▸ Your goal
What you return should be the full listing, copied exactly and stripped of its pictures.

▸ Dataset extract
---------------

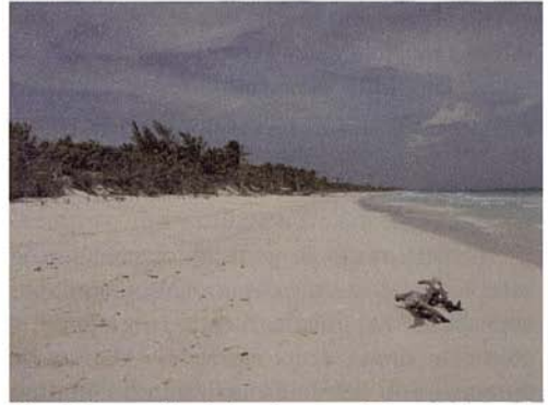
Fig. 7. Extensión de la playa en el Sector 1.

Desde el punto de vista físico geográfico, la zona corresponde a la región de Yucatán, caracterizada por amplias planicies, en las que predomina el relieve de llanuras jóvenes, holocénicas y pleistocénicas
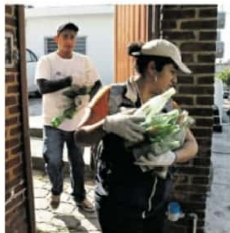
En todas las colonias del municipio se realizarán los trabajos / CUARTOSURIO

La SSP hizo un llamado a denunciar a la línea de emergencias 911 todo acto que atente en contra del bienestar de los michoacanos.

---------------

▸ Answer box
Fig. 7. Extensión de la playa en el Sector 1.

Desde el punto de vista físico geográfico, la zona corresponde a la región de Yucatán, caracterizada por amplias planicies, en las que predomina el relieve de llanuras jóvenes, holocénicas y pleistocénicas
En todas las colonias del municipio se realizarán los trabajos / CUARTOSURIO

La SSP hizo un llamado a denunciar a la línea de emergencias 911 todo acto que atente en contra del bienestar de los michoacanos.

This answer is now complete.